#### WORK TASK:
Once the images are removed, repeat all of the entries exactly.

*** RECORDS SUPPLIED ***

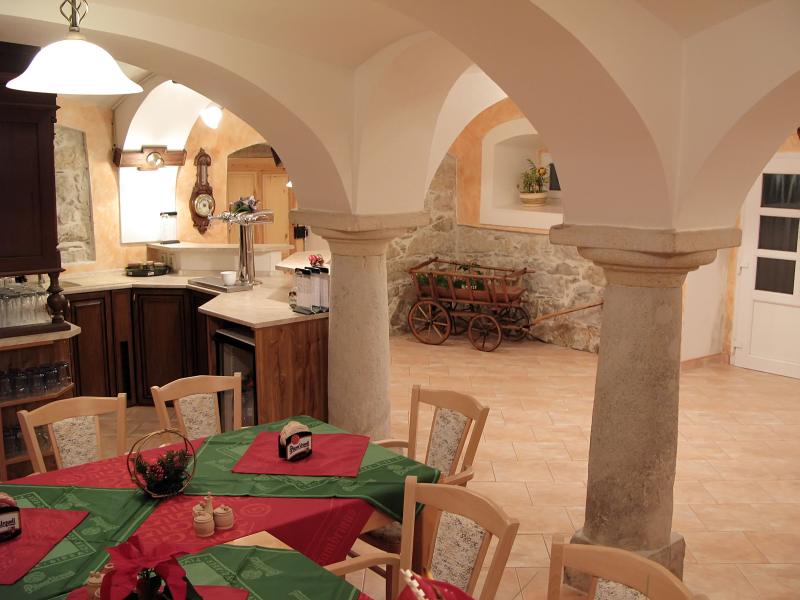 Hospoda je v domě majitelů - cca 50 m od ubytování.
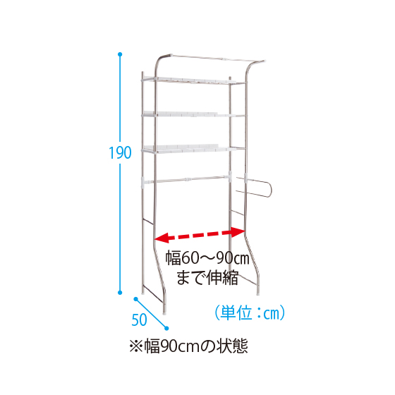 幅60〜90pまで伸縮します。
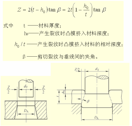 冲裁间隙Z是指冲裁模中凹模刃口横向尺寸DA与凸模刃口横向尺寸dT的差值,如图2.3.1所示。Z表示双面间隙,单面间隙用Z/2表示,如无特殊说明,冲裁间隙就是指双面间隙。Z值可为正,也可为负,但在普通冲裁中,均为正值。
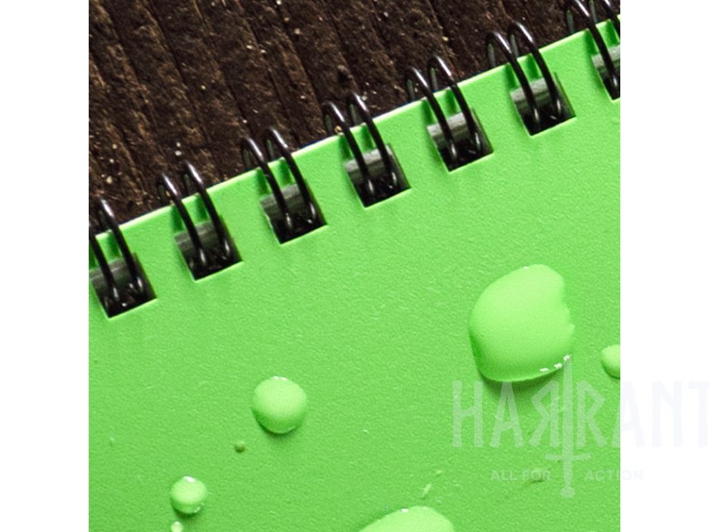 Desky z materiálu Polydura jsou pružné, pevné a chrání obsah před poškozením, skvrnami i poškrábáním. Výrazná Hi-Vis zelená barva zajišťuje, že zápisník vždy rychle najdete, i v náročných podmínkách.
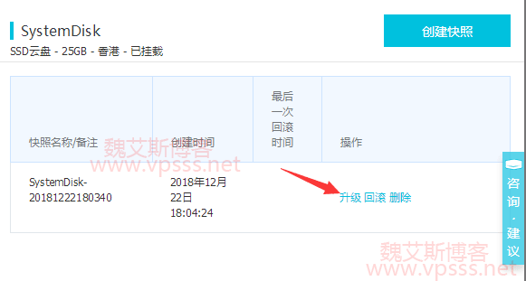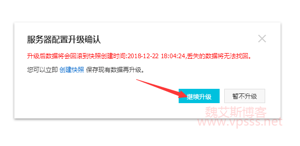 轻量应用服务器为新手考虑的十分周到,这里提示:升级后数据会回滚到快照创建时间点,丢失的数据将无法找回。这里大家要注意用快照备份好你的数据。
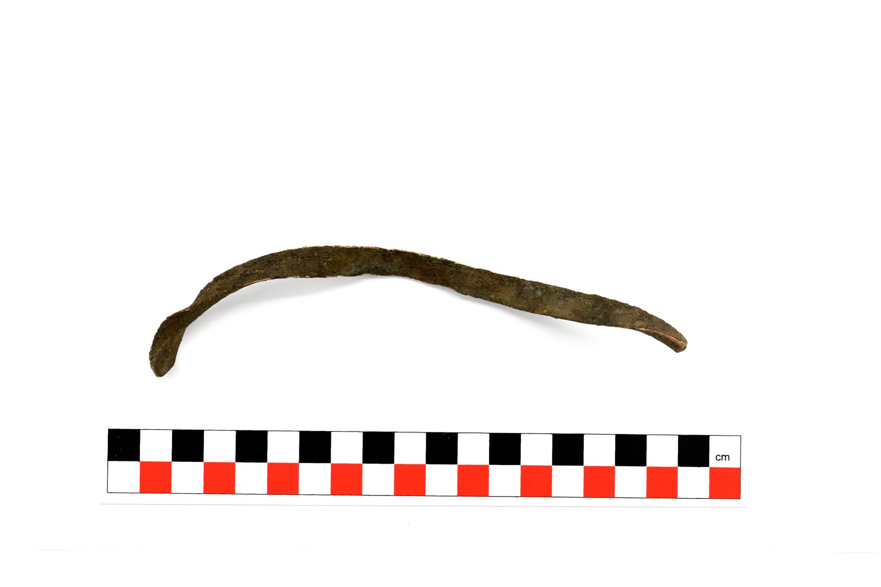 Spiraalirannerenkaan katkelma. Väännetty avonaiseksi. Poikkileikkaukseltaan kolmiomainen varras. Vrt. esim. Kivikoski Abb. 744. | |

*** End of RECORDS SUPPLIED ***

#### ANSWER TO THE EXERCISE:
 Hospoda je v domě majitelů - cca 50 m od ubytování.
 幅60〜90pまで伸縮します。
 冲裁间隙Z是指冲裁模中凹模刃口横向尺寸DA与凸模刃口横向尺寸dT的差值,如图2.3.1所示。Z表示双面间隙,单面间隙用Z/2表示,如无特殊说明,冲裁间隙就是指双面间隙。Z值可为正,也可为负,但在普通冲裁中,均为正值。
 Desky z materiálu Polydura jsou pružné, pevné a chrání obsah před poškozením, skvrnami i poškrábáním. Výrazná Hi-Vis zelená barva zajišťuje, že zápisník vždy rychle najdete, i v náročných podmínkách.
 轻量应用服务器为新手考虑的十分周到,这里提示:升级后数据会回滚到快照创建时间点,丢失的数据将无法找回。这里大家要注意用快照备份好你的数据。
 Spiraalirannerenkaan katkelma. Väännetty avonaiseksi. Poikkileikkaukseltaan kolmiomainen varras. Vrt. esim. Kivikoski Abb. 744. | |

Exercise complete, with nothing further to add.